Key Points

  • A Chapter 7 bankruptcy is best for consumers with unsecured debts they are no longer able to pay.
  • When a judge discharges your debt, you no longer have a legal obligation to repay your creditors, and creditors are not allowed to pursue you for the collection of the delinquent debt.
  • Not all debts qualify for a discharge in a Chapter 7 bankruptcy petition.
12 Types of Debts That Are Always Non-dischargeable in Chapter 7

A Chapter 7 bankruptcy can seem like the easy way out. Qualify, and you can walk away debt-free within a matter of months. Unfortunately, like most things, it’s not quite that easy. Not only is it difficult to qualify for a Chapter 7 bankruptcy, but even those who do face the challenge of a long list of debts that do not qualify for discharge under Chapter 7 bankruptcy.

What is Non-Dischargeable Debt

Non-dischargeable debts are financial obligations the courts will not typically eliminate, even if it creates a financial burden for the debtor. You remain responsible for these bills after the bankruptcy filing process is complete.

9 Debts That Are Always Non-dischargeable in Chapter 7 Bankruptcy:

  1. Any debt you do not include in the bankruptcy petition: When you file for bankruptcy, you must produce a schedule of all your creditors and amounts owed to each. Failing to list a creditor will prevent the debt from being discharged through bankruptcy.
  2. Student Loans: With a few exceptions, you will remain liable for student loans. In some cases, it is possible to prove that repaying the loans would cause an “undue hardship.” This exception requires a separate process for the forgiveness of student loan debt.
  3. Secured Debts: Chapter 13 is a better option for dealing with secured debts because the process gives you time to catch up late balances or modify the loan. You also have the option of giving back the asset. In that case, you could qualify to have any remaining balance owed discharged through the bankruptcy proceedings.
  4. Alimony, child support and attorney fees for child custody or support.
  5. Loans against retirement accounts.
  6. Delinquent tax debts.
  7. Association fees such as HOA, condo, or cooperative housing bills.
  8. Fines and penalties owe to the Government.
  9. Restitution from criminal acts. This class of debt includes financial obligations incurred because of a willful or malicious action against another person or their property. The law also excludes damages related to a DUI.

3 Debts That Could Remain if the Creditor Objects

  1. Debts resulting from a marital settlement or divorce
  2. Cash advance loans: If you receive a cash advance over $1,000 from a single creditor within 70 days of filing bankruptcy, the creditor can challenge the dismissal.
  3. Debts incurred due to fraud: Examples include large purchases made just prior to filing bankruptcy, which you had no intention of repaying.

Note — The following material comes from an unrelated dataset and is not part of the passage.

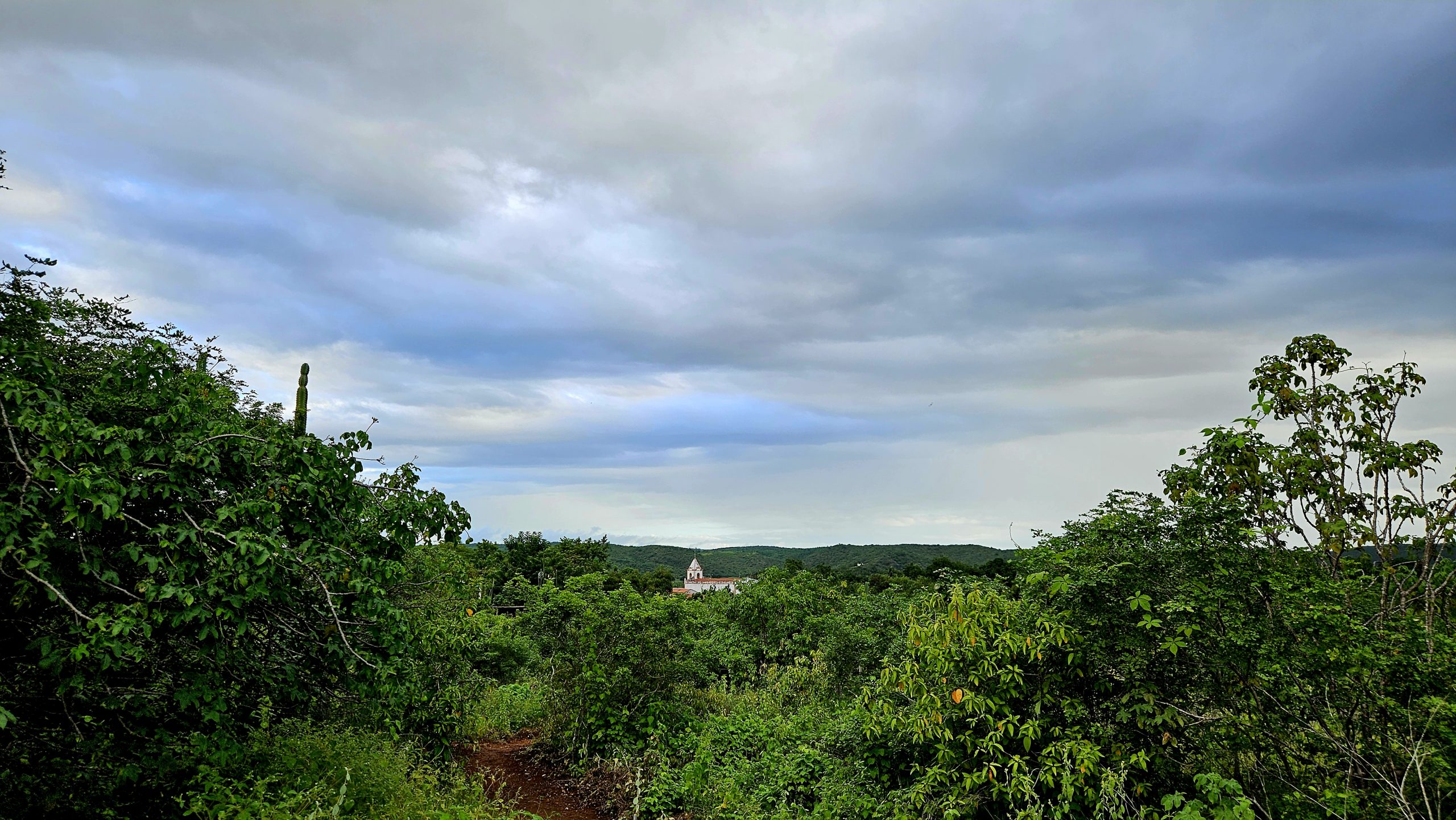 Da trilha da Cachoeira tem a mais bela visão da vegetação da caatinga e da torre da igreja da Ilha do Ferro

The law defines large purchases as accumulating more than $725 in charges within 90 days of filing bankruptcy from a single creditor. Fraud can also include things like falsifying information on credit applications, which give the creditor grounds to challenge the discharge.

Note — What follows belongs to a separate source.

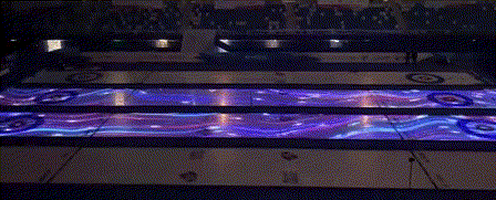 在国家游泳中心的冰壶比赛中,北奥集团携水晶石公司精心打造的“裸眼3D冰面投影”,打造全方面多维度的沉浸体验。开场秀以地面两条赛道光线传输、在大屏幕上汇聚成一个用线条勾勒出的冰壶造型拉开序幕,配合音乐和特种灯光联动,碰撞成为多个立体小冰壶,在大屏幕与赛道地幕之中不断穿梭、跳跃,呈现出沉浸式动态波浪、爆炸等效果。整个冰面投影效果充满动感和活力,极具视觉冲击力,灯光投影的联动配合显示出了极高的专业水准。

Creditors who wish to challenge the discharge of your debts must present their case in an adversary proceeding. When this occurs, you must prove that you intended to repay the debt. If the court rules in the creditors’ favor, you will remain responsible for the debts in question.

Final Thoughts

In addition to non-dischargeable debts, courts can deny your bankruptcy petition if you do not follow the proceedings as mandated and provide required information to the courts by designated deadlines. Filing bankruptcy will require you to present tax forms, complete a credit management course at the beginning and the end of the proceedings, and openly disclose all debts and assets. Failure to meet any of these requirements can limit or eliminate your ability to discharge debts.